2002 Pontiac Excitement 400
- The 2002 Pontiac Excitement 400 program cover, featuring Tony Stewart. Artwork by Garry Hill.
- Date: May 4–5 2002
- Official name: 48th Annual Pontiac Excitement 400
- Location: Richmond, Virginia, Richmond International Raceway
- Course: Permanent racing facility
- Course length: 0.75 miles (1.21 km)
- Distance: 400 laps, 300 mi (482.803 km)
- Scheduled distance: 400 laps, 300 mi (482.803 km)
- Average speed: 86.824 miles per hour (139.730 km/h)

Pole position
- Driver: Ward Burton; / Bill Davis Racing
- Time: 21.195

Most laps led
- Driver: Ward Burton / Bill Davis Racing
- Laps: 125

Winner
- No. 20: Tony Stewart / Joe Gibbs Racing

Television in the United States
- Network: FX
- Announcers: Mike Joy, Larry McReynolds, Darrell Waltrip

Radio in the United States
- Radio: Motor Racing Network

= 2002 Pontiac Excitement 400 =

11th race of the 2002 NASCAR Winston Cup Series

The 2002 Pontiac Excitement 400 was the 11th stock car race of the 2002 NASCAR Winston Cup Series and the 48th iteration of the event. The race was held throughout the days of May 4–5, 2002 due to rain forcing the delay of the race from its scheduled Sunday date. The race was held in Richmond, Virginia, at Richmond International Raceway, a 0.75 miles (1.21 km) D-shaped oval. The race took the scheduled 400 laps to complete. At race's end, Tony Stewart, driving for Joe Gibbs Racing, would win a crash-marred and wild race after taking control of the final restart with 18 to go. The win was Stewart's 14th career NASCAR Winston Cup Series win and his second of the season. To fill out the podium, Ryan Newman of Penske Racing and Jeff Burton of Roush Racing would finish second and third, respectively.

== Background ==

The layout of Richmond International Raceway, the venue where the race was at.

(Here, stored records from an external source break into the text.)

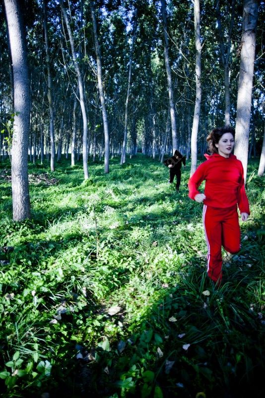 Sur scène, le Chaperon (en jogging rouge) court à en perdre haleine, affrontant la pénombre et le vent en s’engouffrant dans une sinistre forêt. Le Petit Chaperon Rouge fuit, encore et encore, rampe, se terre… jusqu’à l’irruption du Loup (en survêtement noir), présence menaçante, mais aussi étrangement magnétique.
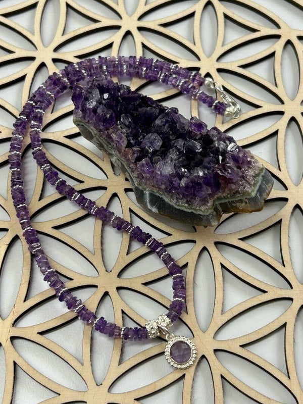 Länge auf dem Bild: 46cm (Deine Wunschlänge in den Kommentar eintragen und entsprechende Preisklasse wählen!); Silber 925 Anhänger und Elemente; Quadrat-Splitter 5mm; Anhänger facettiert
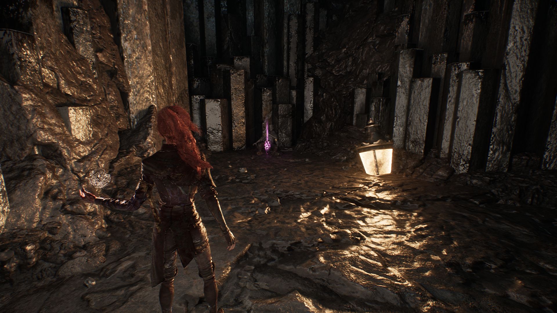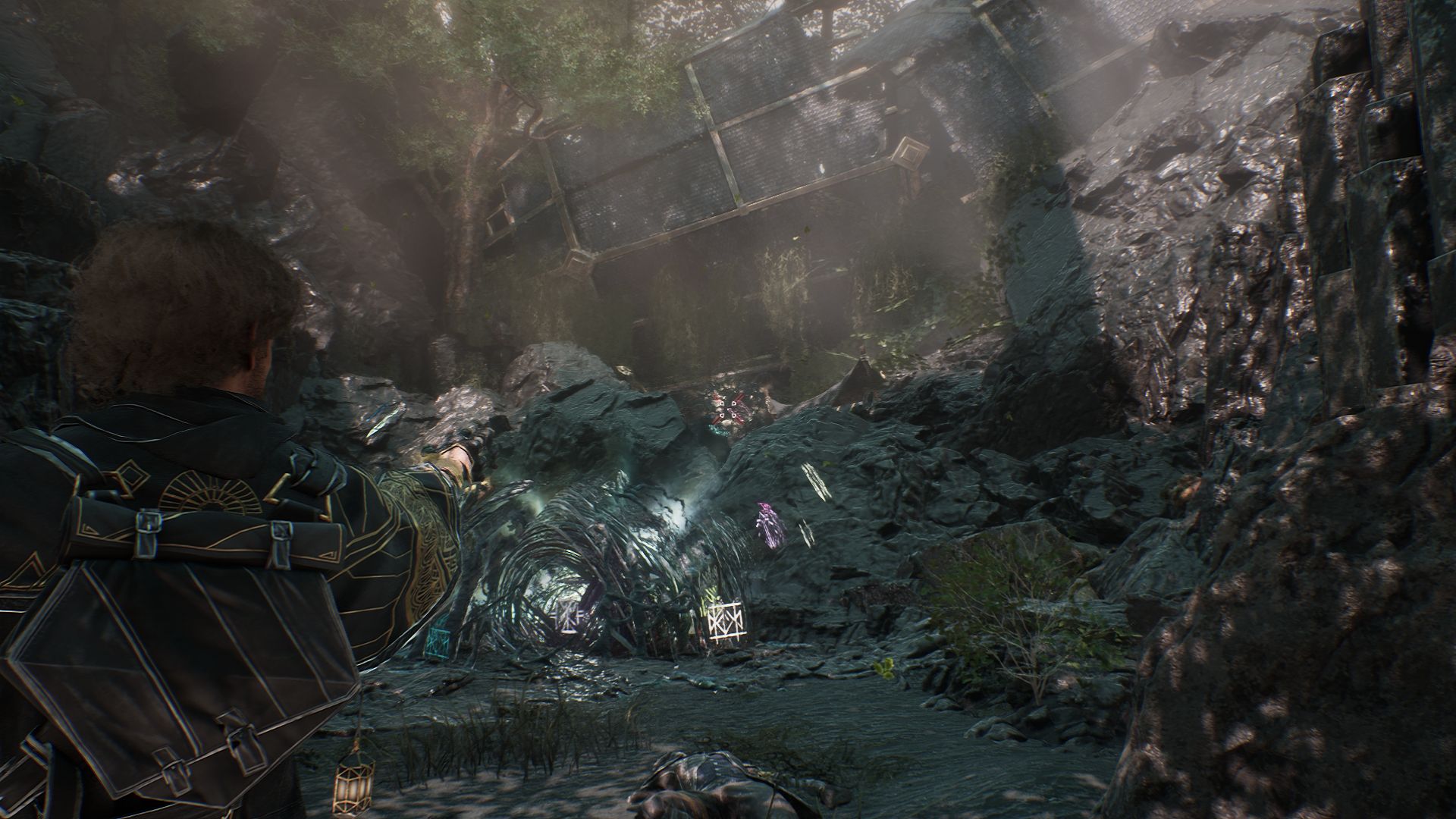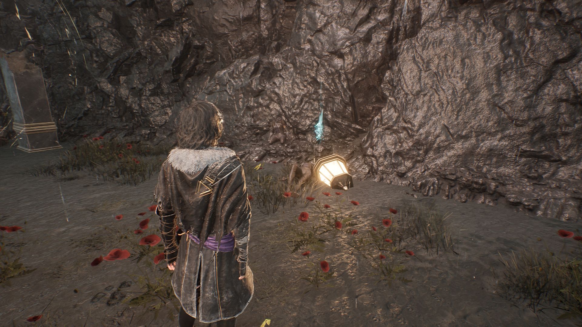 Спуститесь в пещеру и двигайтесь вперед, пока не доберетесь до веревки, ведущей вниз. После спуска увидите первый скальный кристалл слева от себя. Разберитесь с противником рядом и

Richmond International Raceway (RIR) is a 3/4-mile (1.2 km), D-shaped, asphalt race track located just outside Richmond, Virginia in Henrico County.

=== Entry list ===

- (R) denotes rookie driver.

| # | Driver | Team | Make |
| 1 | Steve Park | Dale Earnhardt, Inc. | Chevrolet |
| 2 | Rusty Wallace | Penske Racing | Ford |
| 02 | Hermie Sadler | SCORE Motorsports | Chevrolet |
| 4 | Mike Skinner | Morgan–McClure Motorsports | Chevrolet |
| 5 | Terry Labonte | Hendrick Motorsports | Chevrolet |
| 6 | Mark Martin | Roush Racing | Ford |
| 7 | Casey Atwood | Ultra-Evernham Motorsports | Dodge |
| 8 | Dale Earnhardt Jr. | Dale Earnhardt, Inc. | Chevrolet |
| 9 | Bill Elliott | Evernham Motorsports | Dodge |
| 10 | Johnny Benson Jr.* | MBV Motorsports | Pontiac |
| 11 | Brett Bodine | Brett Bodine Racing | Ford |
| 12 | Ryan Newman (R) | Penske Racing | Ford |
| 14 | Stacy Compton | A. J. Foyt Enterprises | Pontiac |
| 15 | Michael Waltrip | Dale Earnhardt, Inc. | Chevrolet |
| 17 | Matt Kenseth | Roush Racing | Ford |
| 18 | Bobby Labonte | Joe Gibbs Racing | Pontiac |
| 19 | Jeremy Mayfield | Evernham Motorsports | Dodge |
| 20 | Tony Stewart | Joe Gibbs Racing | Pontiac |
| 21 | Elliott Sadler | Wood Brothers Racing | Ford |
| 22 | Ward Burton | Bill Davis Racing | Dodge |
| 23 | Hut Stricklin | Bill Davis Racing | Dodge |
| 24 | Jeff Gordon | Hendrick Motorsports | Chevrolet |
| 25 | Jerry Nadeau | Hendrick Motorsports | Chevrolet |
| 26 | Frank Kimmel | Haas-Carter Motorsports | Ford |
| 28 | Ricky Rudd | Robert Yates Racing | Ford |
| 29 | Kevin Harvick | Richard Childress Racing | Chevrolet |
| 30 | Jeff Green | Richard Childress Racing | Chevrolet |
| 31 | Robby Gordon | Richard Childress Racing | Chevrolet |
| 32 | Ricky Craven | PPI Motorsports | Ford |
| 36 | Ken Schrader | MB2 Motorsports | Pontiac |
| 40 | Sterling Marlin | Chip Ganassi Racing | Dodge |
| 41 | Jimmy Spencer | Chip Ganassi Racing | Dodge |
| 43 | John Andretti | Petty Enterprises | Dodge |
| 44 | Steve Grissom | Petty Enterprises | Dodge |
| 45 | Kyle Petty | Petty Enterprises | Dodge |
| 48 | Jimmie Johnson (R) | Hendrick Motorsports | Chevrolet |
| 54 | Kevin Grubb | Team Bristol Motorsports | Chevrolet |
| 55 | Bobby Hamilton | Andy Petree Racing | Chevrolet |
| 59 | Randy Renfrow | Price Motorsports | Dodge |
| 77 | Dave Blaney | Jasper Motorsports | Ford |
| 88 | Dale Jarrett | Robert Yates Racing | Ford |
| 90 | Rick Mast | Donlavey Racing | Ford |
| 97 | Kurt Busch | Roush Racing | Ford |
| 99 | Jeff Burton | Roush Racing | Ford |
Official entry list

- Driver changed to Joe Nemechek for the race, as Benson Jr. had suffered injuries during the 2002 Hardee's 250, the preliminary Busch race.

== Practice ==

=== First practice ===
The first practice session was held on Friday, May 3, at 11:20 AM EST, and would last for two hours. Tony Stewart of Joe Gibbs Racing would set the fastest time in the session, with a lap of 20.996 and an average speed of 128.589 mph.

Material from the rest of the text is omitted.